The draft International Violence Against Women Act (IVAWA) would require the State Department to adopt a five-year plan to reduce violence against women in up to 20 target countries. The approach calls for increased legal and judicial protection for  women, strengthened health services to respond to  violence, increased educational and economic opportunities for women, and efforts to change social norms that perpetuate violence against women. Special attention would be given to responding to violence against women during humanitarian disasters and armed conflict.

"The Foreign Relations Committee vote offers the full Senate a smart, bipartisan bill that would strike back against the worldwide epidemic of violence against women," said Meghan Rhoad, women's rights researcher at Human Rights Watch. "This Congress has a chance to make a difference in the lives of millions of women and girls, and shouldn't waste it."

The bill would complement the Violence Against Women Act, which addresses these issues within the United States.
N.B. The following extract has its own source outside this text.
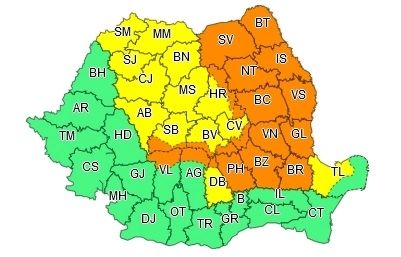 În județele Suceava, Botoșani, Neamț, Iași, Bacău, Vaslui, Vrancea, Galați, Buzău, Brăila, Prahova și zona de munte a județelor Vâlcea, Argeș, Dâmbovița, Sibiu, Brașov, Covasna și Harghita, vor fi perioade cu instabilitate atmosferică deosebit de accentuată. Vor fi vijelii puternice, intensificări ale vântului cu rafale de peste 70...80 km/h, frecvente descărcări electrice și grindină. Local vor fi averse torențiale, iar cantitățile de apă vor depăși 25...40 l/mp.

Similar legislation was introduced, but not voted on, in the last Congress.

The United Nations estimates that one of every three women in the world has been a victim of violence. Human Rights Watch reports have documented rampant violence against women, both in armed conflicts and in homes and workplaces throughout the world. Much of the violence goes unpunished, especially where insufficient legal protections are compounded by poor enforcement. Recent Human Rights Watch investigations exposed degrading forensic examinations conducted on rape survivors by medical personnel in India and the frequent abuse of women with disabilities in northern Uganda.

"Human Rights Watch's research around the world shows how violence against women undermines their ability to participate as equals in all aspects of society, from education and employment to politics," Rhoad said. "The proposed US law is a powerful initiative to combat violence against women and is now within reach."

Human Rights Watch noted the mounting evidence of the debilitating effect of violence against women on economic development. In some countries, violence and sexual harassment in schools prevent women from getting an education and contributing fully to their communities. The health care costs and workplace absenteeism associated with injuries from domestic violence also take a significant financial toll.

The Senate bill has 35 cosponsors. Lead sponsors are John Kerry, Democrat of Massachusetts; Barbara Boxer, Democrat of California; and Olympia Snowe and Susan Collins, Republicans of Maine. The House of Representatives version, which has been referred to the Committee on Foreign Affairs and the Committee on Armed Services, has 133 cosponsors. Lead sponsors are Bill Delahunt, Democrat of Massachusetts; Ted Poe, Republican of Texas; and Jan Schakowsky, Democrat of Illinois. Complete lists of the bills co-sponsors are available here: (Senate) and (House).

Human Rights Watch repeated its call for the US Senate to ratify the Convention on the Elimination of All Forms of Discrimination against Women. The US is only one of seven countries in the world not to have ratified the major global women's rights treaty.